With a target to create 200,000 youth opportunities in Rwanda and South Africa by 2030, the programme aims to catalyse systems-level change and influence the wider ecosystem.  

Three learning products have been developed in the first year of the programme, each offering insights on the roles of the GBS and digital sectors in delivering opportunities for young people, for employers, and for wider society. 

Here is what they found:

Transformation reaches families

Transformative impact: Youth opportunities in South Africa's GBS and digital sectors act as engines of socio-economic change. For every single person employed, research shows they support between three and ten dependents. Benefits flow to employers, families, and whole communities.

The AI shift: augmentation, not replacement

The skilling revolution finds that over 40% of current tasks in Africa's business process outsourcing and IT-enabled services sectors are susceptible to automation, hitting junior roles hardest. However, the largest projected impact of AI is not job replacement but role augmentation and increased productivity. The task now is to shift skilling approaches to meet this moment.

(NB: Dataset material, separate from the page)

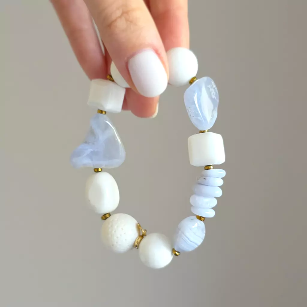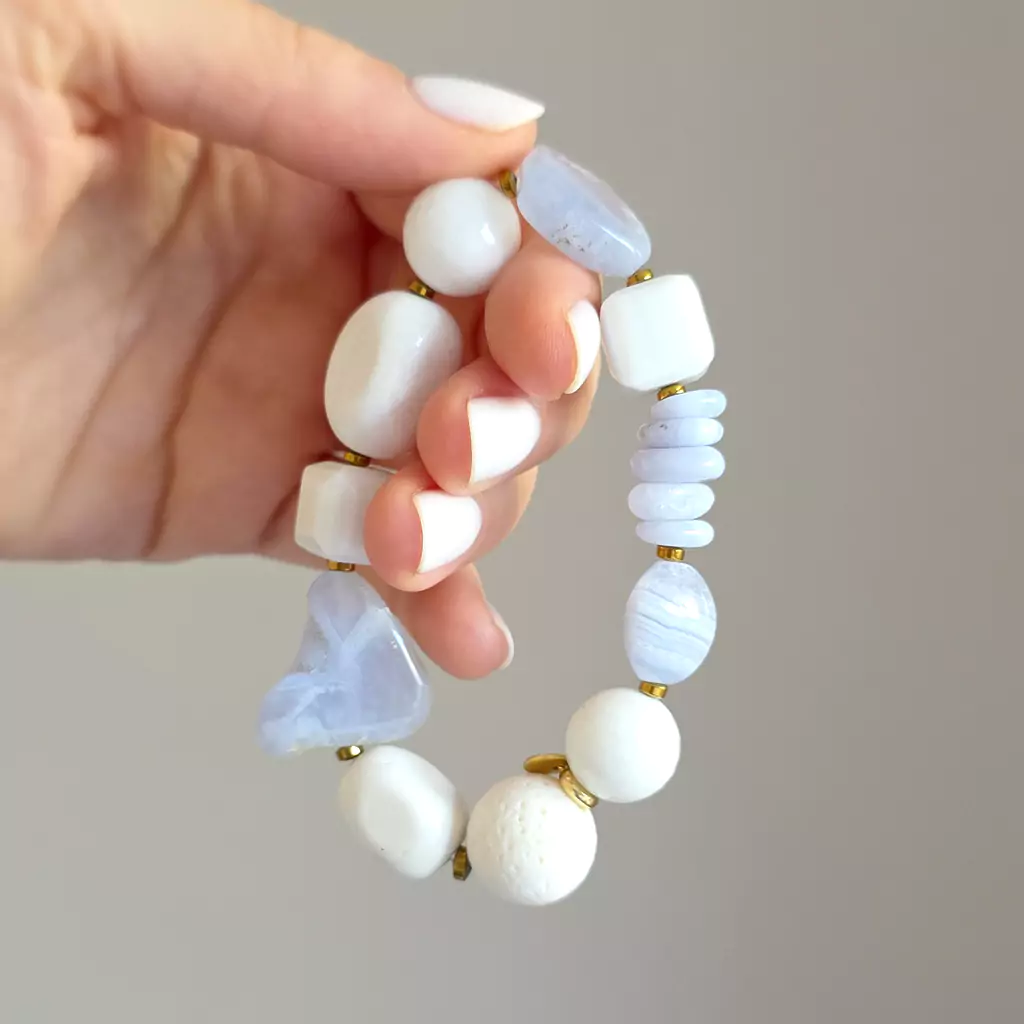 | Rodzaj kamienia: | Niebieski agat, Biały agat, Biały koral, Biały jadeit, Hematyt |
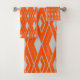 Este conjunto de toallas tiene un diseño Art Deco de formas de diamante gris en un campo de naranja.

The GBS and digital sectors are proven, scalable engines for youth employment. By 2030, half of all new entrants into the global labour force will come from Sub-Saharan Africa. Around 15 million new, dignified, meaningful jobs will need to be created annually, with even more required as populations continue to rise. The GBS and digital sectors will need to be part of the answer.

IMPACT UNLOCKED.

Subscribe now to our monthly newsletter.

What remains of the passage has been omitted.